O ministro da Justiça defendeu a Polícia Federal, mas também sugeriu mudanças na legislação para evitar que o uso de algemas sirva para "expor qualquer pessoa, seja de que nível social ela for". "Há um apenamento antecipado pela exposição pública na mídia. Isso é uma atitude arbitrária do Estado que tem de ser vencida", ressaltou Tarso.
Antonio Fernando de Souza concordou com a necessidade de agir para evitar abusos, mas lembrou que é preciso haver equilíbrio entre o direito dos acusados e o direito de o Estado investigar. "Não se pode, a pretexto de garantir os direitos fundamentais, impedir que regularmente, pelo mesmo processo criminal, o MP possa fazer prova e comprovar a legitimidade das ações", destacou o procurador.
Ao defender o projeto que restringe buscas e apreensões em escritórios de advocacia, o presidente do CFOAB destacou que é preciso combater a "lógica policialesca de que a defesa atrapalha" o combate ao crime. Para Britto, o projeto que aguarda sanção do presidente Lula não blinda advogados, mas evita que o Estado os espione e comprometa as estratégias de defesa dos acusados.

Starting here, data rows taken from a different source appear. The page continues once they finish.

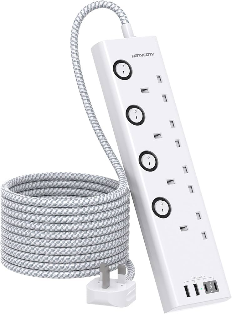 Lightwave EXT-42C1U-3P Extension Socket 4-Way 2xUSB-C 1xUSB-A 3m
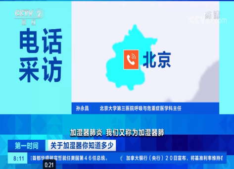 ——(2021年1月21日《CCTV2》第一时间栏目) 呼吸与危重症医学科孙永昌医生科普加湿器使用相关知识。 链接地址:http://tv.cctv.com/2021/01/21/VIDEo33M1gvsewsQsb2Cq0ie210121.shtml
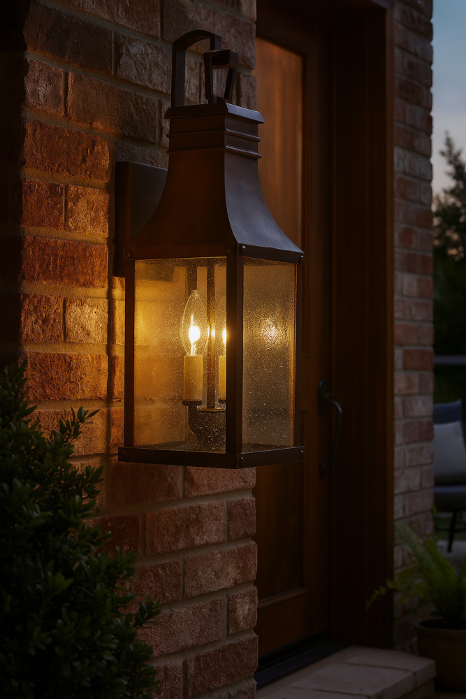 Taking inspiration from an English lantern, Beacon Hill achieves a timeless aesthetic. Part of the Heritage collection, this traditional style features a striking Blackened Copper or Museum Black aluminum frame. The heavily seeded glass pays homage to its Old World charm.
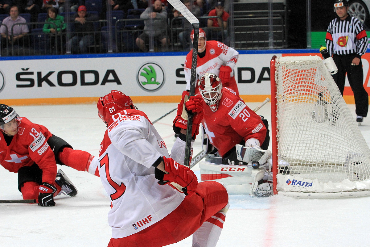 Lars Eller takes a shot at Reto Berra
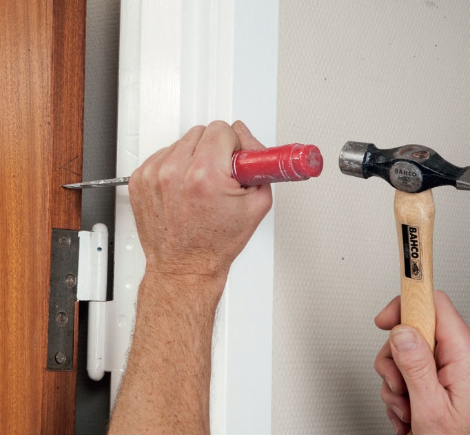 Ret døren med en hængselbukker eller andet, hvis det er nødvendigt.
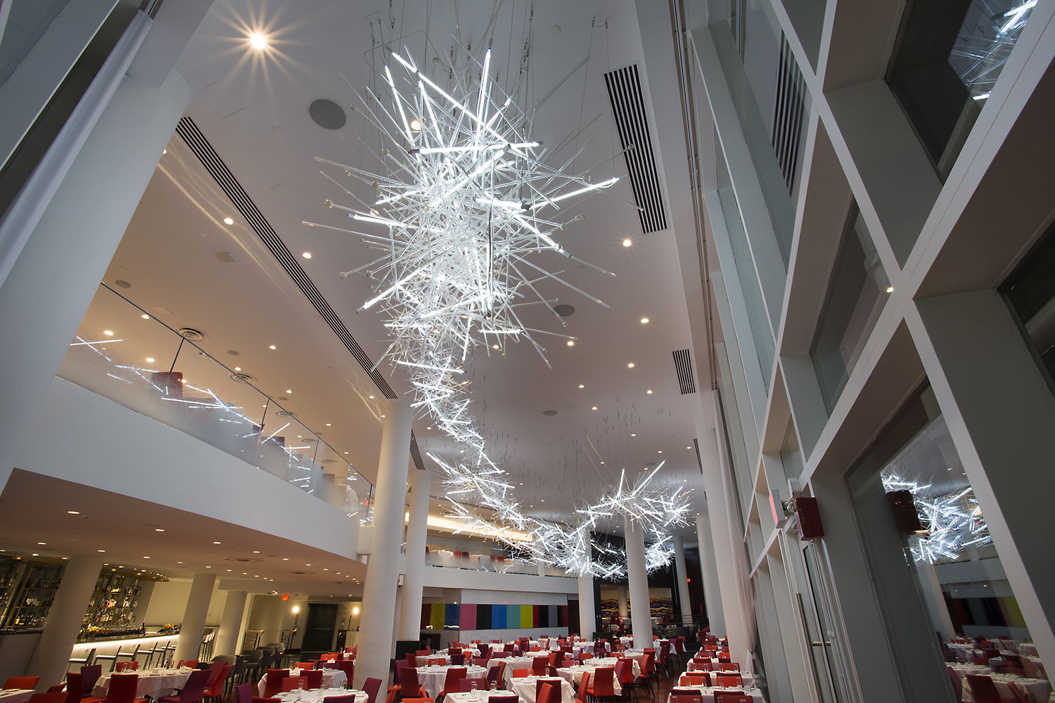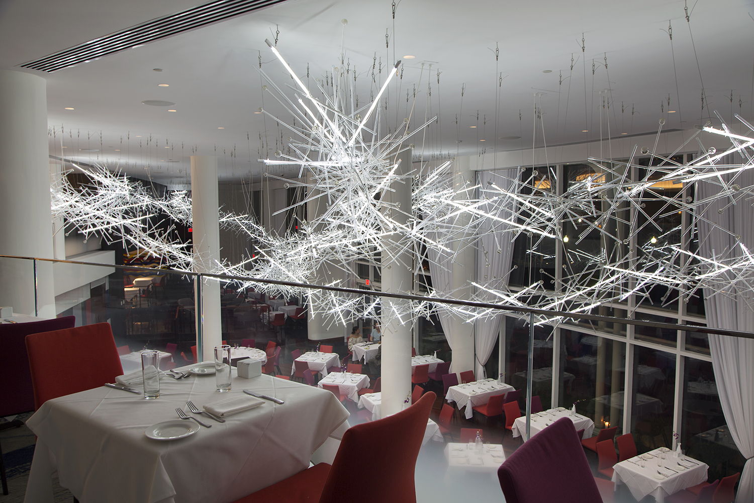 It is created in the one of the famous restaurant called ”Sequoia” around Washington Harbor in Washington D.C. The main dining is about 40 meters in length and 12meters in width, the installation is constructed with 3000 pieces of glass tubes and neon lights. “Sequoia” is a large Californian evergreen tree that can reach a height of more than 90 meters. The imagination of installation comes from this long structure of Sequoia tree and the image of universe that occurs multifactorially like the trees branch off into smaller pieces. Within the whole installation, I express that the universe that has complex phases in which it repeatedly generates and annihilates even beyond our knowledge. In this work, the broken tubes represent the aftermath left in outer space created by the Big Bang, in other words, stars and beings. Inside the glass tubes is a high vacuum, so the phenomenon of these tubes breaking is similar to the beginning of this universe. Therefore, the broken tubes (a kind of “annihilation”) may become a metaphor for the beginning of the universe (“generation”). This work is “generated” (created) by “annihilation” (demolition), and it may represent the ambiguous event (process of making art work).
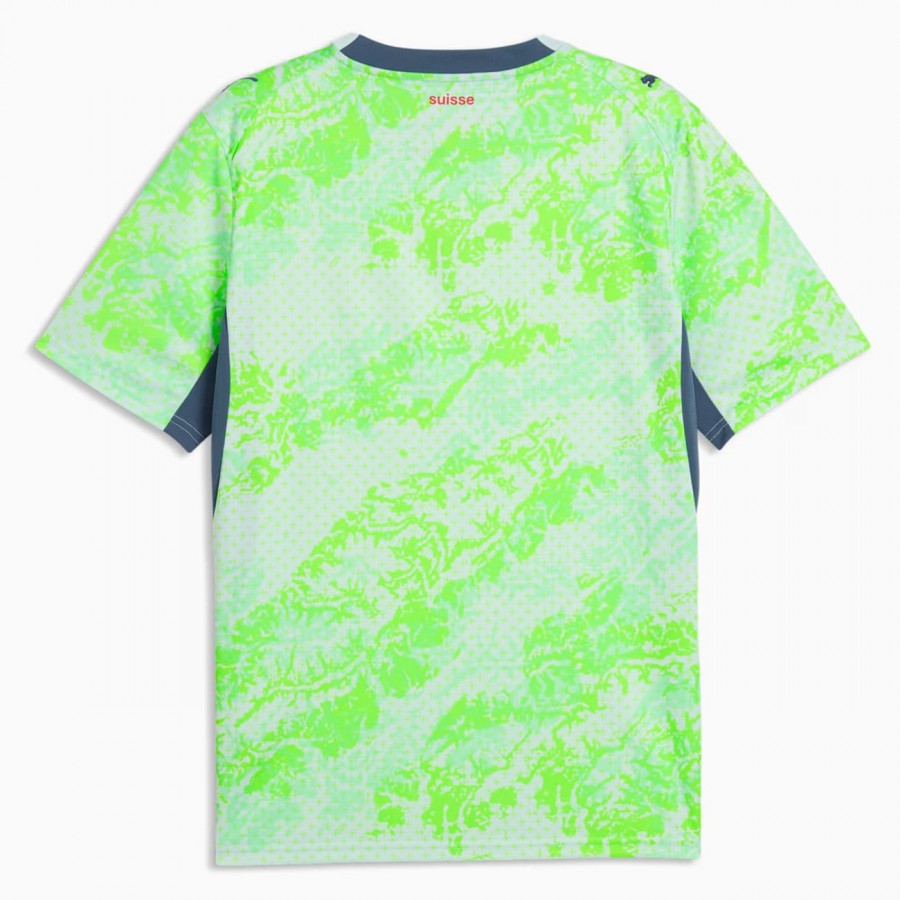 Switzerland's 2026 Away Kit channels Swiss precision in a white-and-turquoise topographic design that continues the passport-inspired detailing of the Home Kit. This Replica jersey pairs the same match-worn look with a casual silhouette, details, and materials, ideal for both game day and everyday wear.
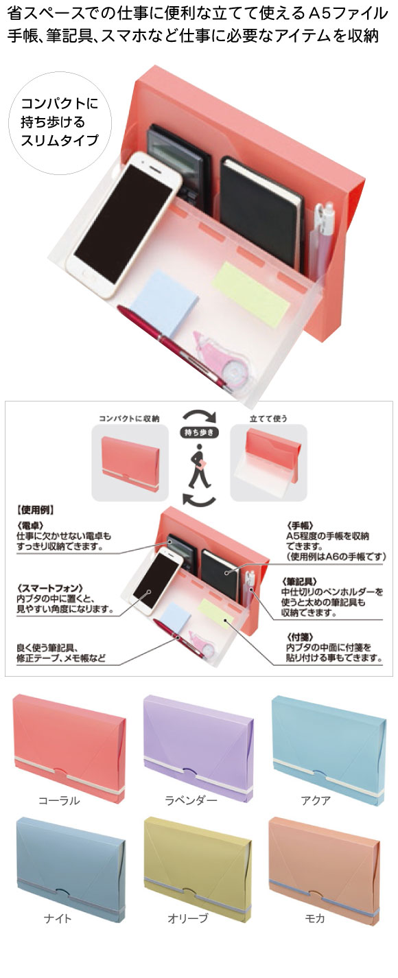 パイロット 持ち歩きワークファイルA5スリムは手帳、筆記具、電卓、スマートフォン等、仕事に最低限必要なアイテムを持ち歩き、ワークスペースにそのまま置いて使えるファイルケースです。収納時は持ち運びに便利な箱型のファイルが、蓋を開いて立てて使える卓上スタンドケースに変形、省スペースでの仕事に活用できます。
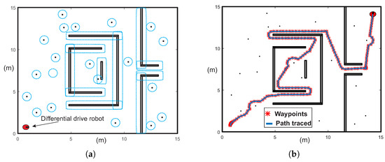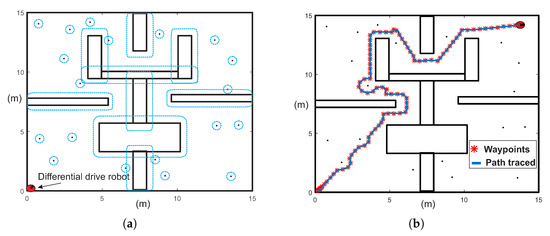 Pure-pursuit path tracking for the solution path of case study 4. (a) Floor plan considering dimensions of the robot. (b) Path traced by differential drive robot.

Como forma de fortalecer o Estado de Direito e evitar abusos contra os indivíduos, os debatedores destacaram a necessidade de mudar leis e estabelecer novos parâmetros de conduta para os agentes públicos. Todos concordaram com a possibilidade de criar uma comissão de alto nível para rediscutir procedimentos nas investigações policiais.
Sobre a "blindagem" de advogados, Britto destacou que não se pode aceitar a lógica de que a defesa atrapalha, de que, se a defesa atrapalha, deve-se acabar com o direito de defesa no Brasil.
"Esse é um debate atual, porque temos um projeto à disposição do presidente Lula que trata exclusivamente de reconhecer que, no conflito Estado-cidadão, o cidadão não pode ser a vítima do Estado. A forma pela qual o cidadão fala para o Estado é através do seu advogado, da sua defesa. Alguns acusadores passaram a imagem de que iam transformar os escritórios em depósitos do crime, colocariam-se cadáveres em escritórios de advocacia. Ou não compreenderam o que é a democracia, o Estado Democrático de Direito, ou não leram o projeto. Atividade criminosa não é inerente à advocacia. O crime não tem ligação com a advocacia. Não tem, nunca teve e nunca terá o apoio da Ordem. A primeira mentira que foi contada e repetida - repete-se e as pessoas acreditam nela - é de que esse projeto blinda a advocacia. O que o projeto quis estabelecer, e o fez muito bem, foi separar o joio do trigo. Um erro não pode justificar o outro. Se algum advogado errou, compactuou com o crime, ele deixa de ser advogado e passa a ser criminoso comum, como qualquer outro, e tem a Polícia Federal o direito de entrar no escritório de advocacia e processar a ele e a seu cliente. O que não pode, não deve, senão não estaríamos no Estado Democrático de Direito, é interferir na defesa, escutar a defesa, bisbilhotar a defesa, espionar a defesa", lembrou o advogado.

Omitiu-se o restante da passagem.